In this blog, we look at the increasingly important field of computational biology. What is it, why is it such a big deal, and how can it help children with cancer?
Computational biology and childhood cancer
Modern technology is providing us with all sorts of information about childhood cancer we never dreamed we would have access to. New genetic techniques are allowing us to not only look inside cancer cells, but to examine the very molecules that drive their survival, growth and spread.
This powerful new technology is generating vast amounts of data, often referred to as ‘big data’. In particular, whole genome sequencing – a technique used to determine the exact sequence of all the DNA bases that make up a cell’s genome (its genetic material) − is producing data on a scale never seen before.
To give you an idea of the scale involved, consider this. Using whole genome sequencing technology, we can see right down to the level of the individual bases or nucleotides (A, C, G, T) that make up a child’s genome. How many of these are in each genome? About six billion.
Each child is born with about 5 million ‘genetic variants’, or differences in their DNA. Which one or two increase the risk of childhood cancer? Once a child has cancer, their tumour acquires between one thousand to one million genetic variants as it grows and develops. Which one, two or more of these are medically relevant? To answer such questions, we need the sophisticated tools and skills of computational biologists.
Applying computational biology to precision medicine
Computational biology has come to the fore in recent years in the context of precision medicine. The term ‘precision medicine’ refers to identifying the best treatment for each individual patient based on patient-specific factors – particularly genetics.
A great example of this is the Zero Childhood Cancer Program (ZERO), jointly led by our Institute and Kids Cancer Centre at Sydney Children’s Hospital, Randwick. Each child enrolled on ZERO has a sample of their cancer comprehensively analysed in the lab, using molecular techniques including whole genome sequencing. Computational biologists then work to extract meaning from all the data generated by these techniques.
Ideally, this data analysis leads to an understanding of that child’s cancer that is able to inform everything from their diagnosis and prognosis to their treatment. But even when this is not possible, the data analysis adds to a growing body of knowledge about cancer in children that will ultimately help many children with cancer in the future.
To handle the vast amounts of data involved in computational biology, top notch data management is needed. For ZERO, hybrid cloud technology through a partnership with Equinix has become a key enabling technology, allowing us to store and transfer huge amounts of data, and to work with it at speed. Using cloud computing in parallel (many computers simultaneously), we can compress the time taken to analyse each child’s cancer genome from about 5000 hours down to 24 real hours.
The Computational Biology team at Children's Cancer Institute.

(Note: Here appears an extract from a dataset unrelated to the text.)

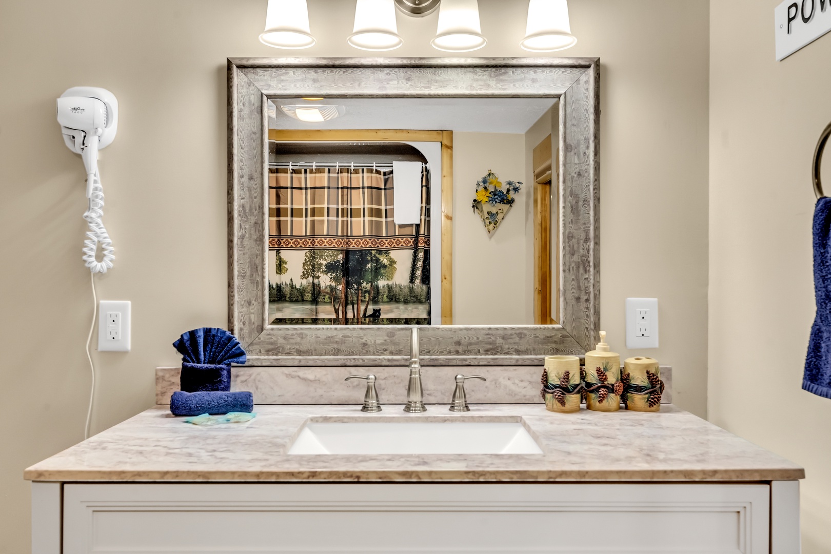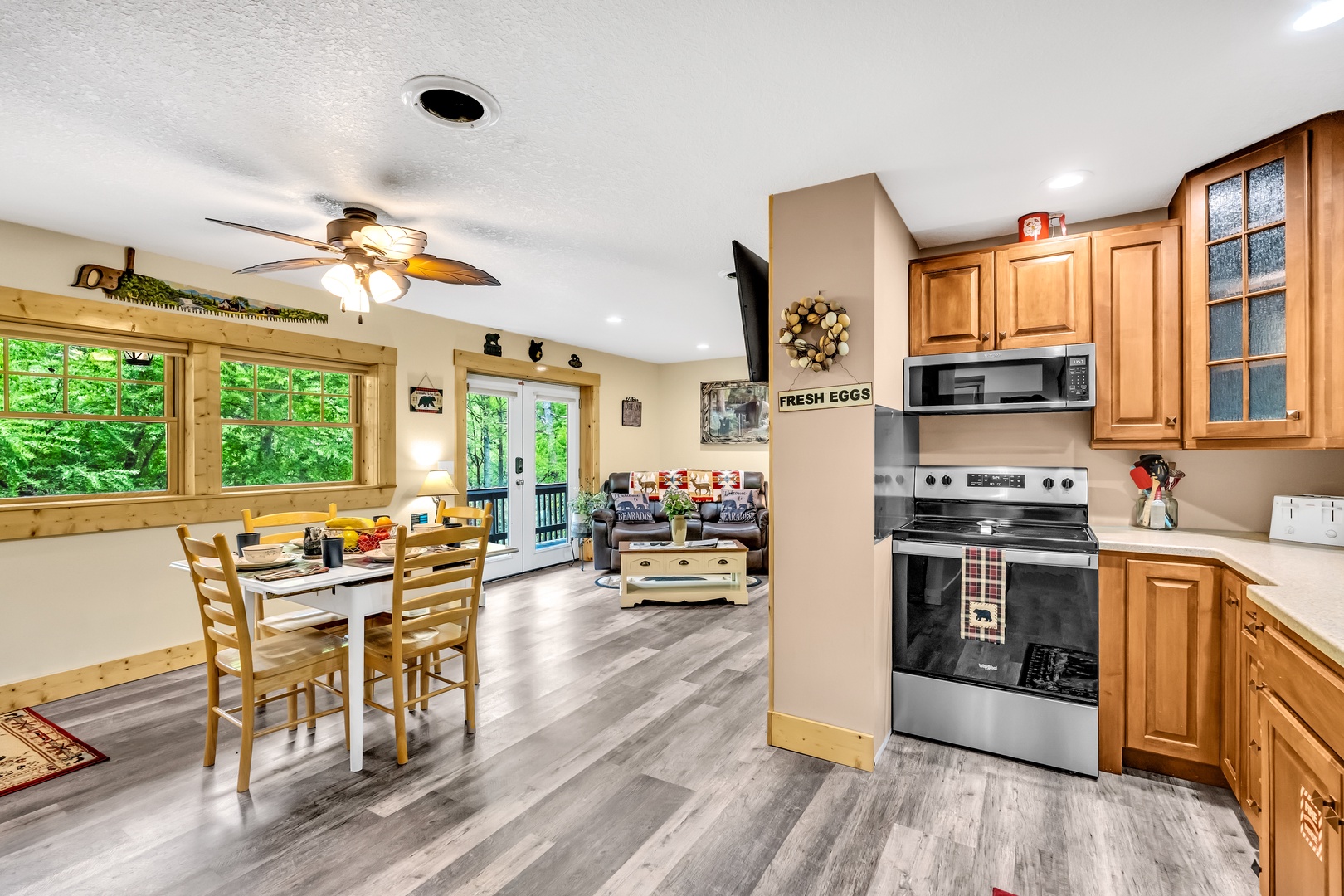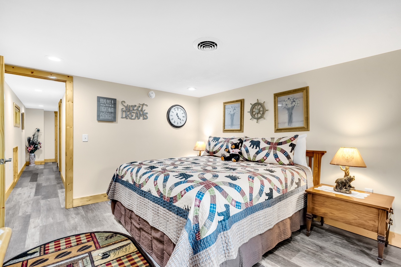 “Rambling Bear on Cove Creek” is the perfect place for your next Smoky Mountain getaway. This recently remodeled 3-bedroom 2 bath sleeps 6 and has all the luxuries of home. Located just minutes from Pigeon Forge in one direction and The Great Smoky Mountain National Park in the other direction, this cabin has the most ideal location. The beautiful 2 story cabin has all a family of 6 would need for a relaxing getaway, whether that means exploring all Pigeon Forge, and Gatlinburg have or escaping for a family hike in the National Park. Just up the steps from the driveway to the main entrance you'll be greeted with a full-length deck leading to the ready to go Hot Tub, a wonderful patio area with a picnic table, Charcoal grill and a wood burning Fire Pit. Step into the cabin and find a cozy open living room, dining room and kitchen area. The living room has 2 leather reclining couches with a large flat screen TV and an electric fireplace to create the perfect ambiance. (The Wood Burning Stove is Non-Functional) The Dining area for 4 flows into the fully equipped kitchen featuring all stainless-steel appliances. Down the hall from the kitchen, you will find a full bathroom with a walk-in shower, a Washer and Dryer closest for your convenience plus the main floor Queen bedroom, with a Flat screen tv and French door access to the main deck. Head up to the top floor to find 2 wonderfully decorated King bedrooms, both with Flat screen TVs and a shared hall bath. Don't miss your chance to relax in “Rambling Bear on Cove Creek” and Book now.

Our computational biology team
Here at Children’s Cancer Institute, we have a Computational Biology Group made up of 16 talented researchers and engineers. Led by Associate Professor Mark Cowley, the team works across four areas.
The core work of the Group is genome informatics – building algorithms to try to understand data such as that generated by whole genome sequencing, and data engineering – building data analysis pipelines that receive input in the form of raw data from multiple points and produce output which indicates which genetic variants in a child’s genome may be clinically significant.
Other teams working within the Group focus on building classifiers to find patterns and extract meaning from large data sets (data science), and building apps and other tools to help researchers understand the data they generate (software engineering).
The Group also develops methods to integrate the data generated through the Zero Childhood Cancer Program with data in international public access databases. This leads to collaborative multidisciplinary research which serves to answer far-reaching questions about childhood cancer.
The future of computational biology
Now that we are able to analyse cells on such a micro scale, the sky’s the limit for cancer research. Computational biology is only going to become more important as we find new ways to generate data and look to extract meaning from it. This is very much a developing science, and one that looks set to have a growing impact on childhood cancer research as we move into the future.